• [TASK] Only the lines from the one with "이번 글에서는 2024년" through the end of the material are wanted, copied exactly and with the pictures left out.

• [SUPPLIED DATA]
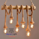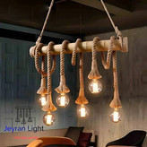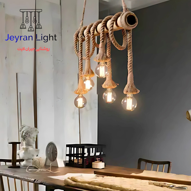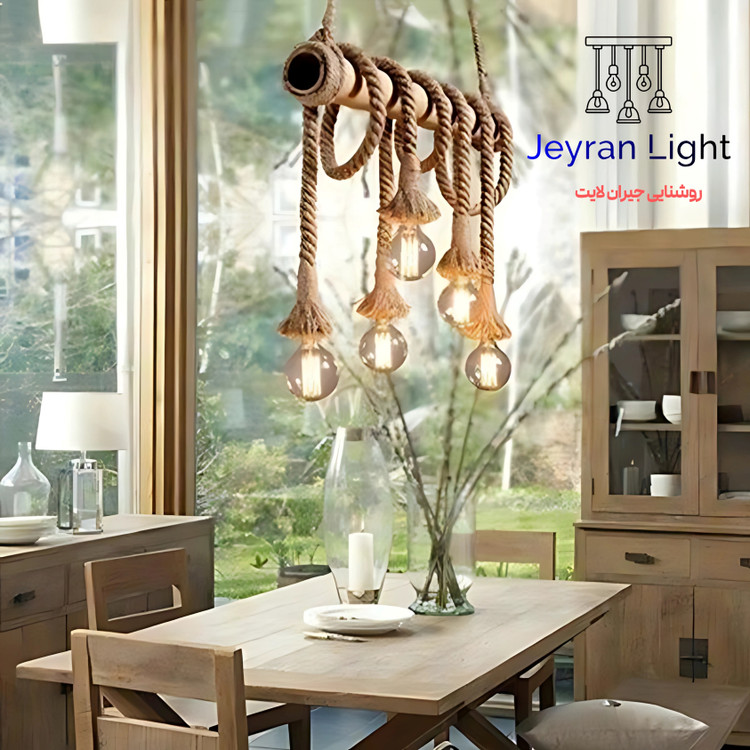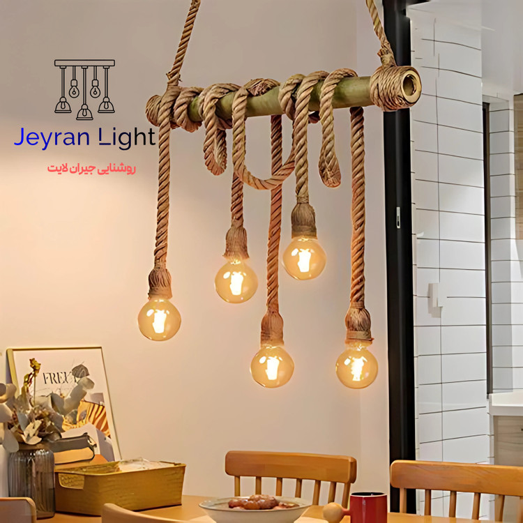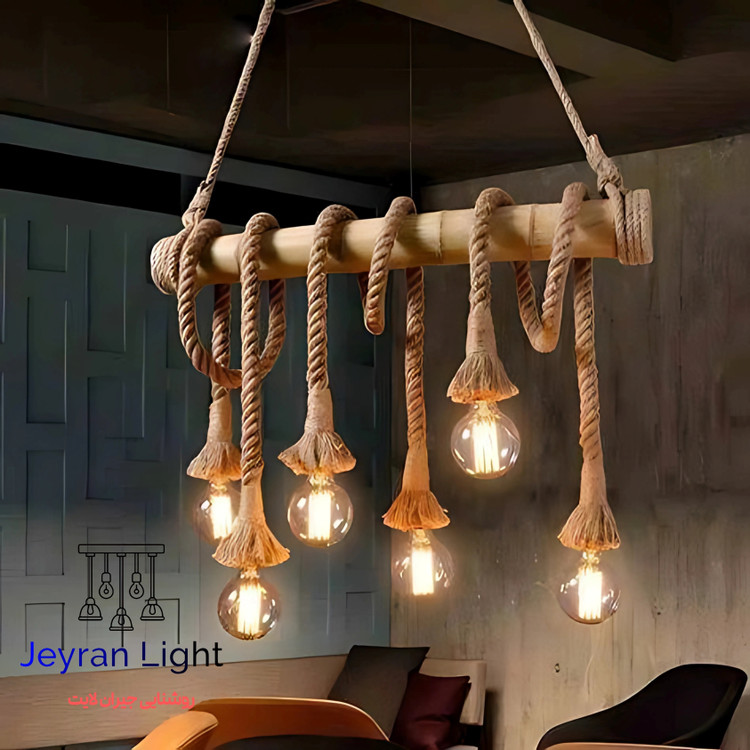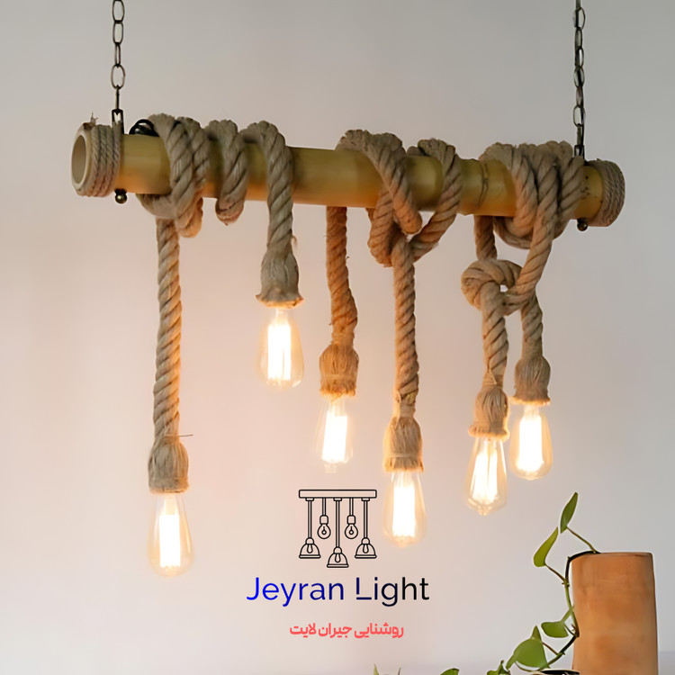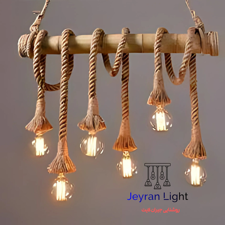 لوستر آویز 6 شعله مدل چوب بامبو کنفی
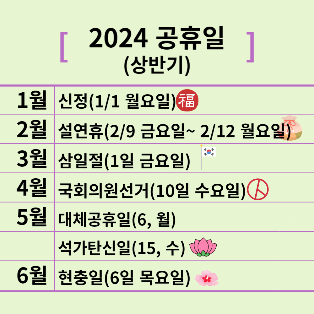 이번 글에서는 2024년 공휴일을 알아보고, 연차를 쓰면 휴가처럼 쭉 쉴 수 있는 꿀 연차 목록까지 한번에 정리해서 가져왔습니다.
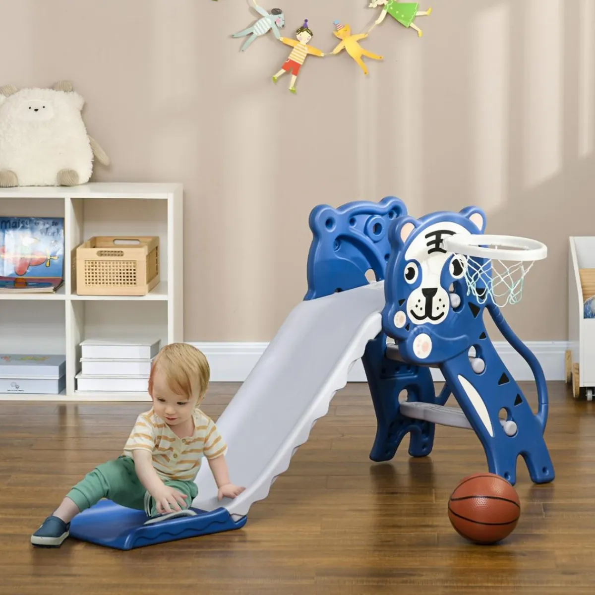 Homcom – Tobogán de interior Tigre. Diseñado para proporcionar horas de diversión, este tobogán para niños cuenta con 2 escaleras antideslizantes para garantizar a los más pequeños un apoyo seguro y una estructura confiable. El tobogán también cuenta con una canasta de baloncesto montada lateralmente para que los niños se diviertan de varias maneras con la misma estructura. Gracias a los adorables dibujos del tigre, este tobogán infantil de interior añadirá un toque juguetón a los espacios de juego de los más pequeños.
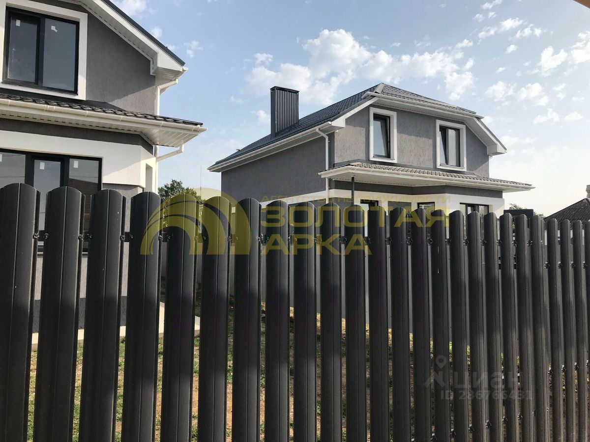 По всему периметру - забор. Раздвижные ворота с калиткой.

• [RESPONSE BOX]
 이번 글에서는 2024년 공휴일을 알아보고, 연차를 쓰면 휴가처럼 쭉 쉴 수 있는 꿀 연차 목록까지 한번에 정리해서 가져왔습니다.
 Homcom – Tobogán de interior Tigre. Diseñado para proporcionar horas de diversión, este tobogán para niños cuenta con 2 escaleras antideslizantes para garantizar a los más pequeños un apoyo seguro y una estructura confiable. El tobogán también cuenta con una canasta de baloncesto montada lateralmente para que los niños se diviertan de varias maneras con la misma estructura. Gracias a los adorables dibujos del tigre, este tobogán infantil de interior añadirá un toque juguetón a los espacios de juego de los más pequeños.
 По всему периметру - забор. Раздвижные ворота с калиткой.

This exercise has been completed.